El rey Pico de Tordopágina 3 / 4
- Bien veo que no sirves para esto - dijo el marido. - Mejor será que hiles, tal vez lo hagas mejor. Instalóse ella y se esforzó en hilar; pero la recia hebra no tardó en herirle los dedos, haciendo brotar la sangre.
- Ya lo ves - díjole el hombre. - No sirves para ningún trabajo. ¡Mal negocio he hecho contigo! Probaremos a montar un comercio de alfarería. Irás al mercado a vender ollas y pucheros.
- ¡Dios mío! - pensó ella. - Si aciertan a pasar por el mercado gentes del reino de mi padre y me ven allí sentada vendiendo cacharros, ¡cómo se burlarán de mí! Pero no hubo más remedio; o resignarse, o morirse de hambre. La primera vez, la cosa fue bastante bien, pues la hermosura de la joven atraía a la gente, que pagaba lo que ella pedía, e incluso algunos le dieron el dinero sin llevarse la mercancía.

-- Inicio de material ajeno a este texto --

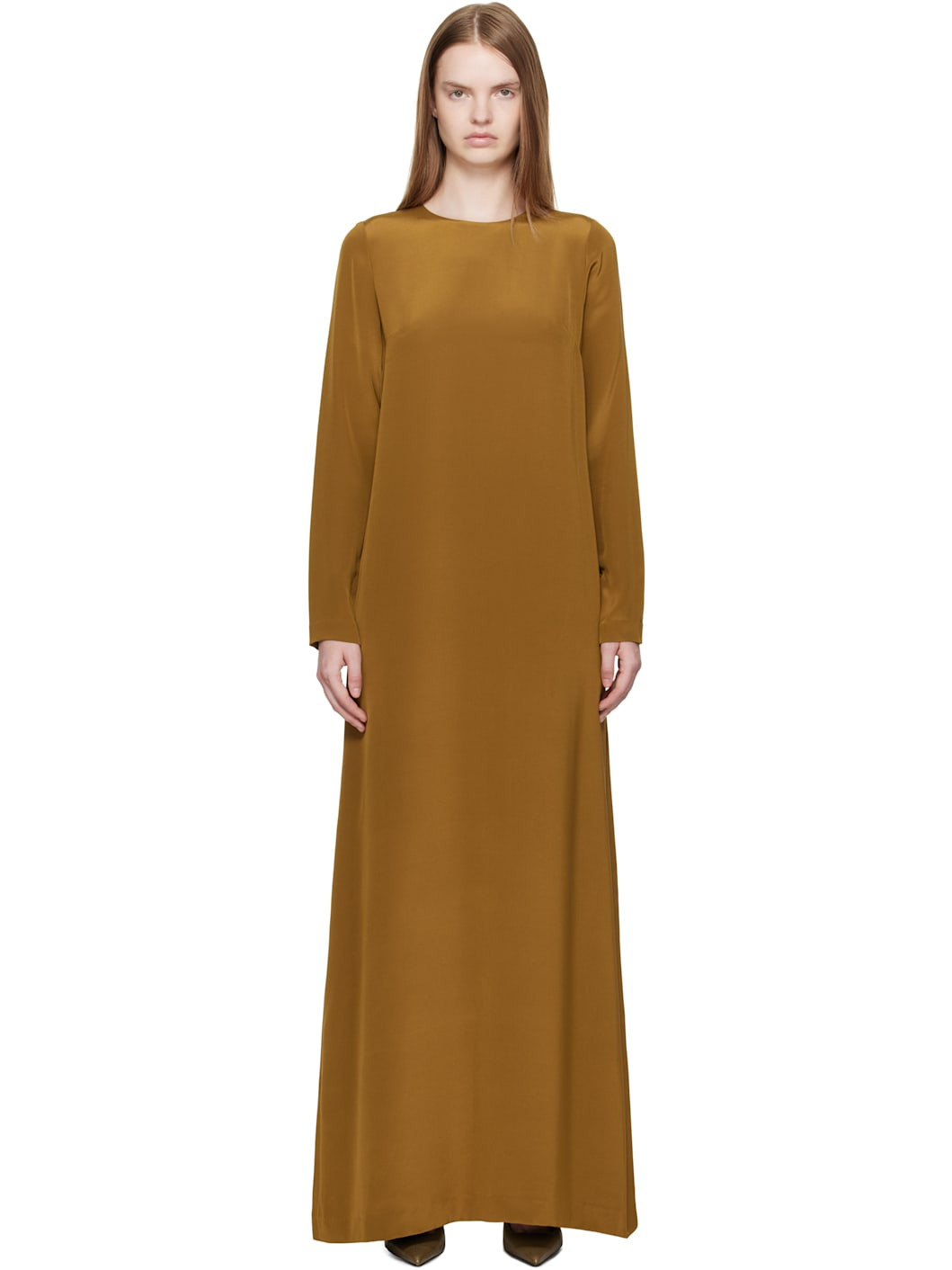 Silk crepe maxi dress. · Round neck · Darts at chest · Button fastening and keyhole at back collar · Central vent at back hem · Full silk satin lining Supplier color: Bronze 100% silk. Made in Hungary 252190F055000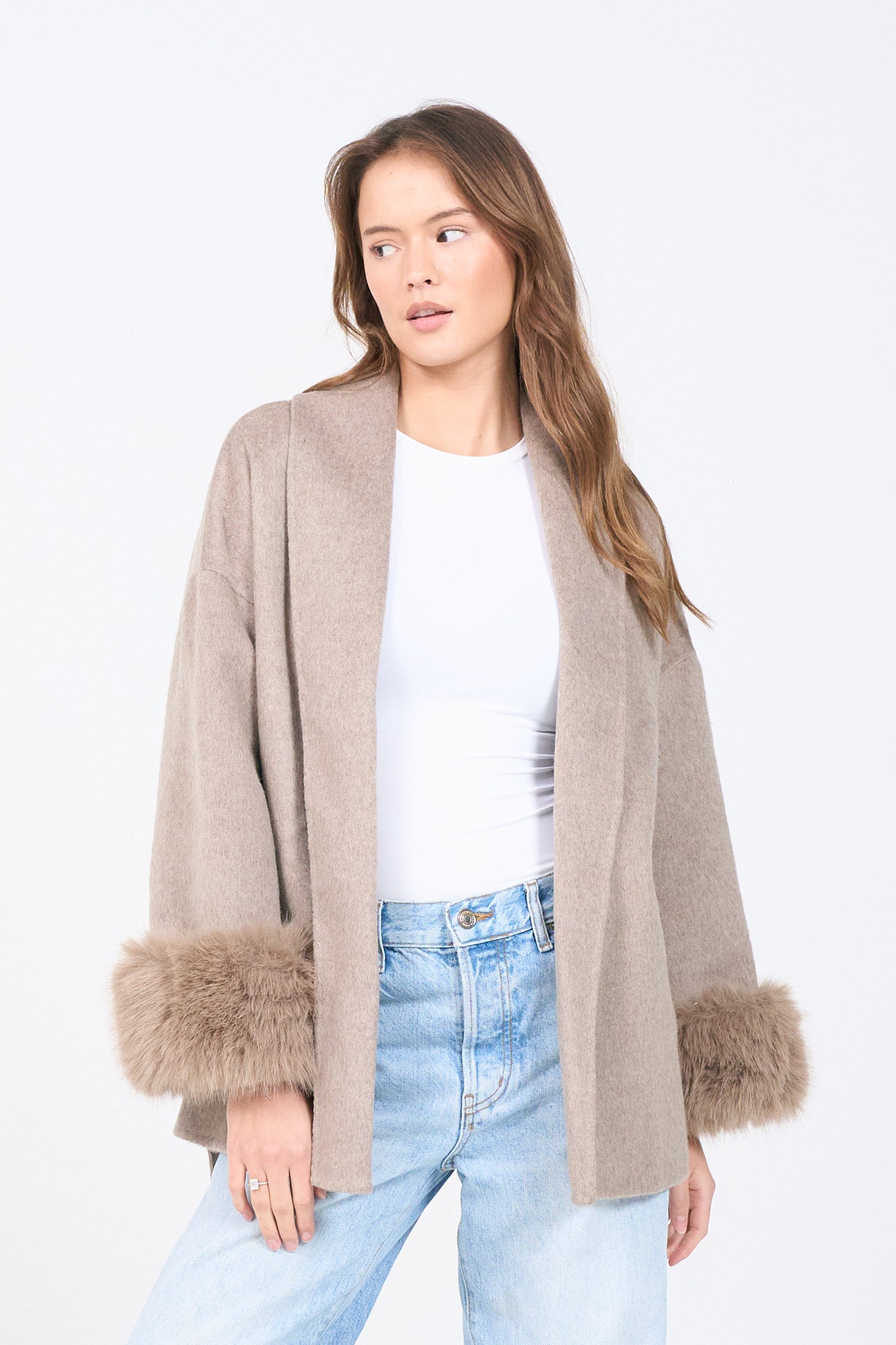 Experience timeless elegance with The Taupe Luxe Coat — a short wool coat that perfectly blends luxury and comfort. Crafted from 100% premium wool and finished with detachable fox fur cuffs, this piece effortlessly transitions from minimal chic to statement luxury.

El matrimonio vivió un tiempo de lo ganado, y, al terminarse el dinero, el hombre se procuró otra partida de ollas y cazuelas. Situóse la princesa en un ángulo de la plaza, y expuso los objetos a su alrededor. De pronto acercóse a caballo un húsar borracho; iba al trote y, metiéndose en medio de los cacharros, en un momento los redujo todos a pedazos. Echóse la joven a llorar y, angustiada, no sabía que hacer.
- ¡Ay, qué será de mí! - exclamó. - ¡Qué va a decir mi marido! Corrió a su casa y le explicó el percance.
- ¿A quién se le ocurre ponerse en el ángulo de la plaza con vasijas de barro? - increpóla el marido.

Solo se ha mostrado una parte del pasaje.